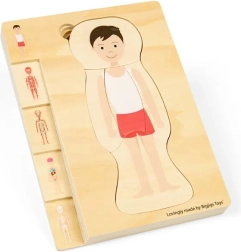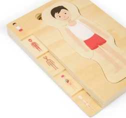 Dette læringspuslespil viser drengens anatomi i flere lag – fra skelet over muskler til organer. Børn tilegner sig interaktivt grundlæggende viden om menneskets anatomi og træner samtidig tålmodighed og rumlig forestillingsevne.
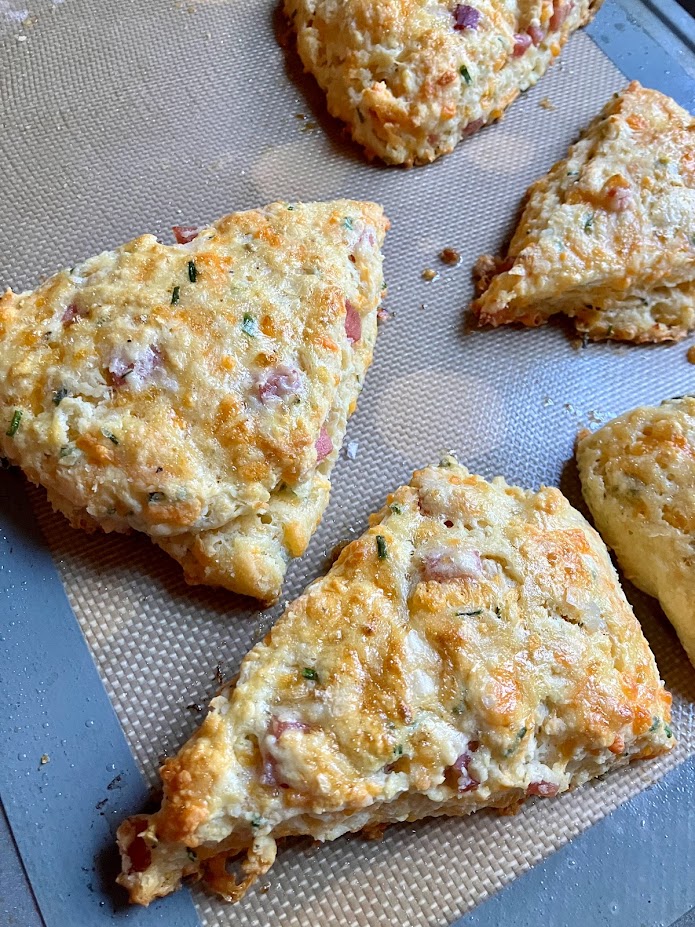 All over the country, we are having snow and cold in unexpected places. These ham and cheddar scones are the perfect antidote to this polar vortex. Not only does morning baking warm up my kitchen, but it draws my grumpy, cold kids out of bed with a smile on because they smell something yummy happening downstairs. If your kids are unfamiliar with scones, I usually describe that as a biscuit with yummy stuff mixed all around instead of just in between.
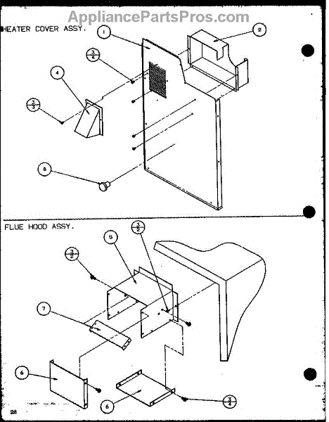 Parts for Amana PECE3A/P9850501C: Heater Cover Assy. / Flue Hood Assy. (Spcg360451a / P1105907c) (Spcg360453a / P1105908c) (Spcg360701a / P1105909c) (Spcg360703a / P1105910c) (Spcg360901a / P1105911c) (Spcg360903a / P1105912c) Parts
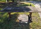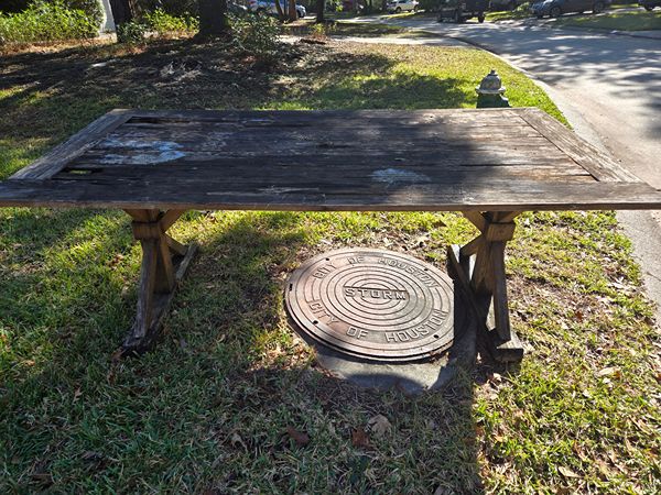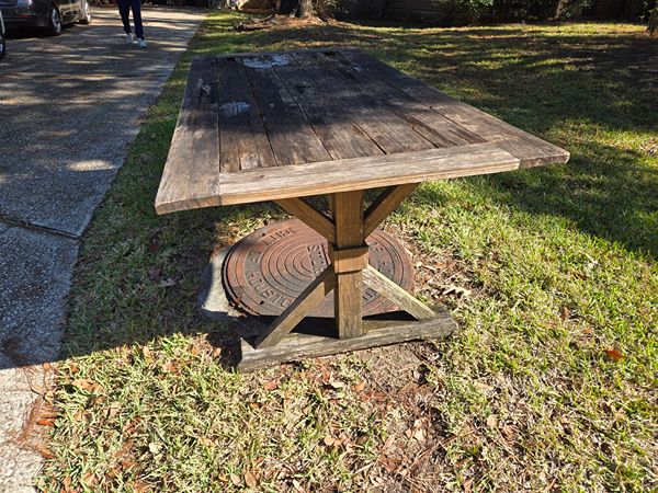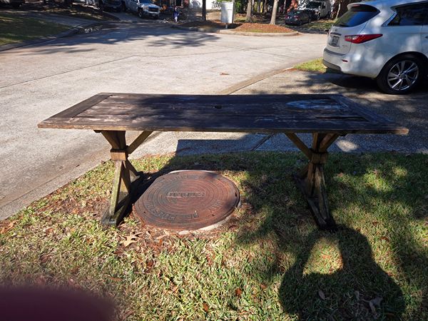 Pier One outdoor table needs a little love but has some life left in it. We were going to get a plastic picnic tablecloth for it or replace a couple of the top pieces of wood. It's yours if you want to come get it! *Still available as of 12/7 at 1:00 p.m.
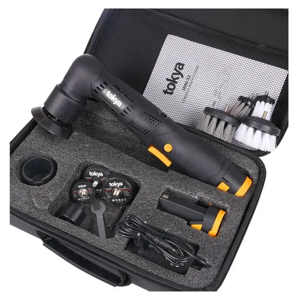 Äärmiselt mitmekülgne akutoitel töötav poleerimismasin 1,5", 2" ja 3" padjaile. Sellel masinal on ühes seadmes nii 3 mm kui ka 12 mm kahetoimeline ja pöörlev funktsioon, mis tagab erakordse paindlikkuse. Komplektis on lai valik tarvikuid erinevate poleerimisülesannete täitmiseks.

---

TASK BRIEF >>
Line by line, write out the material above exactly, with no images.

PROBLEM SOLUTION >>
 Dette læringspuslespil viser drengens anatomi i flere lag – fra skelet over muskler til organer. Børn tilegner sig interaktivt grundlæggende viden om menneskets anatomi og træner samtidig tålmodighed og rumlig forestillingsevne.
 All over the country, we are having snow and cold in unexpected places. These ham and cheddar scones are the perfect antidote to this polar vortex. Not only does morning baking warm up my kitchen, but it draws my grumpy, cold kids out of bed with a smile on because they smell something yummy happening downstairs. If your kids are unfamiliar with scones, I usually describe that as a biscuit with yummy stuff mixed all around instead of just in between.
 Parts for Amana PECE3A/P9850501C: Heater Cover Assy. / Flue Hood Assy. (Spcg360451a / P1105907c) (Spcg360453a / P1105908c) (Spcg360701a / P1105909c) (Spcg360703a / P1105910c) (Spcg360901a / P1105911c) (Spcg360903a / P1105912c) Parts
 Pier One outdoor table needs a little love but has some life left in it. We were going to get a plastic picnic tablecloth for it or replace a couple of the top pieces of wood. It's yours if you want to come get it! *Still available as of 12/7 at 1:00 p.m.
 Äärmiselt mitmekülgne akutoitel töötav poleerimismasin 1,5", 2" ja 3" padjaile. Sellel masinal on ühes seadmes nii 3 mm kui ka 12 mm kahetoimeline ja pöörlev funktsioon, mis tagab erakordse paindlikkuse. Komplektis on lai valik tarvikuid erinevate poleerimisülesannete täitmiseks.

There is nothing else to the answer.